Русалки — оборотни - Антонина Клименкова
Шрифт:
Интервал:
Закладка:
Кто-то набросил петлю на шею распаленного дракой пса. Тонкий, но прочный шнур стянул горло, перехватило дыхание. Захрипев, Винченце отпустил волка, повалился навзничь.
— Nom d'un chien![74] Какая жестокая битва! — услышал он.
Над ним нависла чья-то тень, очерченный лунным светом силуэт на фоне сплетенных ветвей и синего неба.
Тяжело дыша, Винченце перевалился набок, поднялся на колени и, подсунув пальцы, чуть ослабил обвивший шею шнурок. Шелковые нити холодили горящую кожу.
Не нужно было оглядываться — он знал, что с таким трудом загнанный противник уже далеко унес свою серую истрепанную шкуру. Однако этот новый, возвышавшийся над ним враг был поопасней. Хотя на первый взгляд, конечно, этого не скажешь — что стоит обычный человек, не отличающийся высоким ростом, довольно щуплый, против обезумевшего вурдалака? Скоро узнаем, усмехнулся сам себе Винченце.
— А, так это ты тот француз, что меня разыскивал? — спросил он, поднявшись на ноги.
Он не спешил сбрасывать с себя петлю, попридержал шнур руками, незаметно накручивая на кулак.
— Вам уже обо мне сообщили? — будто бы удивился охотник.
— Нашлись добрые люди, — изобразил на лице улыбку Винченце.
— Маркиз Винченце ди Ронанни, Вик Ронан, виконт де Арон, — перечислил француз. — Как все-таки вас прикажете называть?
— Да как хочешь! У меня много имен в запасе, — радушно развел руками Винченце.
И, стремительно развернувшись, дернул шнур на себя. От резкого рывка француз упал, но собрался и, перевернувшись в кульбите, тотчас вскочил — позади Винченце. Перехватив шнур двумя руками, хотел набросить еще петлю, но тот вовремя пригнулся и ушел из-под рук.

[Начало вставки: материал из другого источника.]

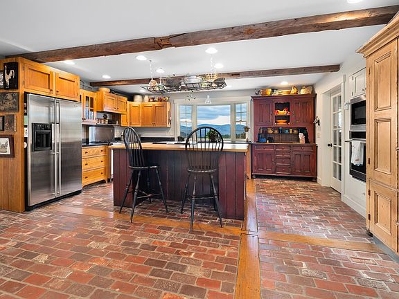 Set high on a quiet hillside overlooking the Green Mountains, this exceptional Vermont home blends rustic charm with modern warmth and efficiency. Every space, indoors and out, celebrates its connection to the surrounding landscape. Inviting living areas feature wide-plank floors, exposed beams, and large windows that frame mountain views. The kitchen combines timeless materials with contemporary comfort, offering soapstone counters, custom cabinetry, and a central island. From here, the space flows naturally through the dining room and into the fireside living area, creating a harmonious setting for gatherings and everyday living. The main-level primary suite provides convenience and privacy, complete with a spa-like bath and serene woodland views. Upstairs, additional bedrooms and a light-filled reading nook offer cozy retreats, while a second stairway leads to a flexible suite above the garage, ideal for guests, an office, or creative space. The lower level adds even more versatility, featuring a spacious family or game room with a wood stove and expansive mountain views. Outside, terraced stone gardens, meandering paths, and an expansive wraparound porch create a seamless connection to nature. An extensive network of private trails winds through the property, leading to “The Point,” a tranquil woodland overlook that captures the magic of Vermont’s changing seasons.

— Извини, но я при разговоре люблю смотреть в лицо собеседника! — хохотнув, заявил маркиз. — Так я что-то не расслышал, чем обязан знакомству?
— Чистой случайности, — в тон ему ответил француз.
Они оба осторожно, точно два бойцовых петуха перед схваткой, кружили, легко переступая, не сводя друг с друга прищуренных глаз. И тонкий шнур, точно стрелка компаса два полюса, соединял их. — Меня на вас пара вампиров вывела, я ведь их от Парижа вел. Все удивлялся, чего это их в такую глушь занесло? А это они за вами.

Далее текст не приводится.